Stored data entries
━━━━
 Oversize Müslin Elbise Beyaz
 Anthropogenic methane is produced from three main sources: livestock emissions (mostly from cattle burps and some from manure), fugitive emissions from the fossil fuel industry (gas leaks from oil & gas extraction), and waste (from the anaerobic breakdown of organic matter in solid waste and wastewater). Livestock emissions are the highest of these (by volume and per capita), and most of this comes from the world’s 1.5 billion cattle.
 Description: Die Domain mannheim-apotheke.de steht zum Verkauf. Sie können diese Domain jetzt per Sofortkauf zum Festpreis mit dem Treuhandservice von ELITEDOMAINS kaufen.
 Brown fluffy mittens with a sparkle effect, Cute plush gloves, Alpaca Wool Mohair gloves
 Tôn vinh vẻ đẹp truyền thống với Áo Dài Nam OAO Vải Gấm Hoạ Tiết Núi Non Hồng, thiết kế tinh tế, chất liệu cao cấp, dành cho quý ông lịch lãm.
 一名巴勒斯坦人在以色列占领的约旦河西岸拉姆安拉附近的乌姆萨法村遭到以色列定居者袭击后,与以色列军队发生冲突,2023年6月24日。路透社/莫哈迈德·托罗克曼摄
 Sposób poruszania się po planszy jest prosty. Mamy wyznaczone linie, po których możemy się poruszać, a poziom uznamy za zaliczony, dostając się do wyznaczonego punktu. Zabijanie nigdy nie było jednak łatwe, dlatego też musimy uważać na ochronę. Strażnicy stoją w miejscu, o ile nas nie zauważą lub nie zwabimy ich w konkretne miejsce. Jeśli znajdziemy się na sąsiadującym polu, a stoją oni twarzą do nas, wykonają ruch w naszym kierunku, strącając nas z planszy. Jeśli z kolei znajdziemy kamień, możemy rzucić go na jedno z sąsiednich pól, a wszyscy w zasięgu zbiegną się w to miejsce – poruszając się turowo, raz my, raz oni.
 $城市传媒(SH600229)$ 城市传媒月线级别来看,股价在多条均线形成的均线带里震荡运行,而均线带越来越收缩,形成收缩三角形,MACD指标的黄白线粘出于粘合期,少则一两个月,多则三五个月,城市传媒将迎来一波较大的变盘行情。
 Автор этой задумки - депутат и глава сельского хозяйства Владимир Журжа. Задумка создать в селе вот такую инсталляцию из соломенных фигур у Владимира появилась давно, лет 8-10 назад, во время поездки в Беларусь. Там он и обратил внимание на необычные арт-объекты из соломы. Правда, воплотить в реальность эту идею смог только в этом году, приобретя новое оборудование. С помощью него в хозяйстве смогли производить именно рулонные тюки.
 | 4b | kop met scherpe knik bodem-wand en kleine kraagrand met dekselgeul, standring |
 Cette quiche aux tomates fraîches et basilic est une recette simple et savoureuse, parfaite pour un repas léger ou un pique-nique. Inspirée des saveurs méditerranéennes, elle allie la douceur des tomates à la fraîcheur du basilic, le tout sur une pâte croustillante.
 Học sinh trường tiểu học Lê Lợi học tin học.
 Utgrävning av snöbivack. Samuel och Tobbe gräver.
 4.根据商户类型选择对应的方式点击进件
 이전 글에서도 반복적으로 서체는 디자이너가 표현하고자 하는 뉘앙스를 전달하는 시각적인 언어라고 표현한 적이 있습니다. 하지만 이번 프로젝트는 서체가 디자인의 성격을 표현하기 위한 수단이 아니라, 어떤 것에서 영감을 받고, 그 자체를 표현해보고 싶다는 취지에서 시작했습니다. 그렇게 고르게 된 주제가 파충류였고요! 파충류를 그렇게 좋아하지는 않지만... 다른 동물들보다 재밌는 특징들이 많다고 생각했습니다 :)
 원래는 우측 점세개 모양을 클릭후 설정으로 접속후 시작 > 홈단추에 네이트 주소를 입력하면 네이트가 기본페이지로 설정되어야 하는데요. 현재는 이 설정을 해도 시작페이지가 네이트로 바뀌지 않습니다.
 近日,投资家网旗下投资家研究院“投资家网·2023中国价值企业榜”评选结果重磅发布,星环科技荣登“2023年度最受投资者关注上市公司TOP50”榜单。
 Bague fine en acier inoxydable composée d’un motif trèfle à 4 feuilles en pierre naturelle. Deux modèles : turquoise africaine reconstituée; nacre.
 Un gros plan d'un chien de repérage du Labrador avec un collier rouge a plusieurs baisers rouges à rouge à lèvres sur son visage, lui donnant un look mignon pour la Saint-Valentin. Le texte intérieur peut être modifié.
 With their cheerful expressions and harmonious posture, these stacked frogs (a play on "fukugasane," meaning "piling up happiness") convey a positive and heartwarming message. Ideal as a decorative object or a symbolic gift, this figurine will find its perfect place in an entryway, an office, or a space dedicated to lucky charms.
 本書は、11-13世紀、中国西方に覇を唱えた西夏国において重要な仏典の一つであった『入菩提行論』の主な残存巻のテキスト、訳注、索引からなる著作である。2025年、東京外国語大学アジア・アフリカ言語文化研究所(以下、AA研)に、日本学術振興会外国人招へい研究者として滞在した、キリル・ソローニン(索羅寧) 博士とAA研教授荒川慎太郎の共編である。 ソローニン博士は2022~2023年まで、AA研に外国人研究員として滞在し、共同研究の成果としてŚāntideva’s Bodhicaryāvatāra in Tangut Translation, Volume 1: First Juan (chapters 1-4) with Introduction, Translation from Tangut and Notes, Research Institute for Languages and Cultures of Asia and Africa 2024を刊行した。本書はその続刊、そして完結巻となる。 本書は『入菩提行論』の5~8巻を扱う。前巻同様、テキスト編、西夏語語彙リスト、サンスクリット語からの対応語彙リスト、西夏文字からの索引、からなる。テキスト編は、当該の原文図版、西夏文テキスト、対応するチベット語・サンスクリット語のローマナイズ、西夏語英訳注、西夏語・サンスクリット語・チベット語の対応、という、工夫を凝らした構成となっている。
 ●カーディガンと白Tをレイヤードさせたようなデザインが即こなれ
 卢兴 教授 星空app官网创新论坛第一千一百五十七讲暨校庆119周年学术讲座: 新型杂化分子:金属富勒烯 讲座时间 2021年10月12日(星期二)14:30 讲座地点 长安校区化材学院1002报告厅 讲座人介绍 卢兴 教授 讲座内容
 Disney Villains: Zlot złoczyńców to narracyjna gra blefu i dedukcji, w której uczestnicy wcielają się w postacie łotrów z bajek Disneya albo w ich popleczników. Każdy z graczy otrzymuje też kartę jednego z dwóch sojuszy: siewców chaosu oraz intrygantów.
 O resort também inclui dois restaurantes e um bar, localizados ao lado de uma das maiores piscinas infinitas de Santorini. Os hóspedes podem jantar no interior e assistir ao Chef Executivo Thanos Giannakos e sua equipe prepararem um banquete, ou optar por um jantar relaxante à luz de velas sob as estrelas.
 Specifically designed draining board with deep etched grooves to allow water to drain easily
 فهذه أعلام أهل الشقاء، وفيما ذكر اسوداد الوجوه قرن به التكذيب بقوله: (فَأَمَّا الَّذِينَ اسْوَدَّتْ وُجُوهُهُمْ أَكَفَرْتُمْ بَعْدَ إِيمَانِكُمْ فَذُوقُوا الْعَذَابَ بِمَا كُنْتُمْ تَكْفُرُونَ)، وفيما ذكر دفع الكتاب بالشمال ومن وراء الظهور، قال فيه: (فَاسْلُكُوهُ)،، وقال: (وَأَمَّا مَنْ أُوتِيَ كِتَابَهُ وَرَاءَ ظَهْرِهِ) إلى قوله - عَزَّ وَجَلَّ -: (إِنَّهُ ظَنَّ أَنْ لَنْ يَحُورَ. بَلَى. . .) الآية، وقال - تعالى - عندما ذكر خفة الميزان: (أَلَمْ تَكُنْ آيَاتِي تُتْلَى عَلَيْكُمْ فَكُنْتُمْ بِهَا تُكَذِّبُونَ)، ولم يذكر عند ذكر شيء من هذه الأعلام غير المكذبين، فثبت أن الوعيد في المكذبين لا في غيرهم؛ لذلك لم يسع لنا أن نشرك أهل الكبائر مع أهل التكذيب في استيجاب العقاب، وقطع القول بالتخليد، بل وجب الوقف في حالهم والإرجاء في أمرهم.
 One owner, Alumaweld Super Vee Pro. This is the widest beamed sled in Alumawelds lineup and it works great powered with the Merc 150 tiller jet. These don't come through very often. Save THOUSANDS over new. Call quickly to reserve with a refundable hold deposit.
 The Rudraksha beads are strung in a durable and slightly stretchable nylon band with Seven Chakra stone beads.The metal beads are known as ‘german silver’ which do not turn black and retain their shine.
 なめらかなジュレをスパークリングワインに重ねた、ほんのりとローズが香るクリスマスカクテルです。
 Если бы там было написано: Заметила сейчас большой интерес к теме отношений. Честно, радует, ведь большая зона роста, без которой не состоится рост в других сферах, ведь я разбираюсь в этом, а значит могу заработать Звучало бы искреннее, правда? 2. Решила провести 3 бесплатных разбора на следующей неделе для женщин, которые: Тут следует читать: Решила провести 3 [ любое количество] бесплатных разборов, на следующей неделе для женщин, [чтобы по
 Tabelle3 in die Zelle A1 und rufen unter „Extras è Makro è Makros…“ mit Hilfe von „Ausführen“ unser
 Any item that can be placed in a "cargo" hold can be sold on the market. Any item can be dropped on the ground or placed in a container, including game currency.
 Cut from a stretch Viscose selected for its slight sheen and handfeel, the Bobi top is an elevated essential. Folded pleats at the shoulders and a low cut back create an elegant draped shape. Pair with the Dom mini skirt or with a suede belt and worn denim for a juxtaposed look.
━━━━
* [To do] All lines from the one that contains "One owner, Alumaweld" to the last line above must be given again exactly, with both included and nothing added.

* [Exercise answer]
 One owner, Alumaweld Super Vee Pro. This is the widest beamed sled in Alumawelds lineup and it works great powered with the Merc 150 tiller jet. These don't come through very often. Save THOUSANDS over new. Call quickly to reserve with a refundable hold deposit.
 The Rudraksha beads are strung in a durable and slightly stretchable nylon band with Seven Chakra stone beads.The metal beads are known as ‘german silver’ which do not turn black and retain their shine.
 なめらかなジュレをスパークリングワインに重ねた、ほんのりとローズが香るクリスマスカクテルです。
 Если бы там было написано: Заметила сейчас большой интерес к теме отношений. Честно, радует, ведь большая зона роста, без которой не состоится рост в других сферах, ведь я разбираюсь в этом, а значит могу заработать Звучало бы искреннее, правда? 2. Решила провести 3 бесплатных разбора на следующей неделе для женщин, которые: Тут следует читать: Решила провести 3 [ любое количество] бесплатных разборов, на следующей неделе для женщин, [чтобы по
 Tabelle3 in die Zelle A1 und rufen unter „Extras è Makro è Makros…“ mit Hilfe von „Ausführen“ unser
 Any item that can be placed in a "cargo" hold can be sold on the market. Any item can be dropped on the ground or placed in a container, including game currency.
 Cut from a stretch Viscose selected for its slight sheen and handfeel, the Bobi top is an elevated essential. Folded pleats at the shoulders and a low cut back create an elegant draped shape. Pair with the Dom mini skirt or with a suede belt and worn denim for a juxtaposed look.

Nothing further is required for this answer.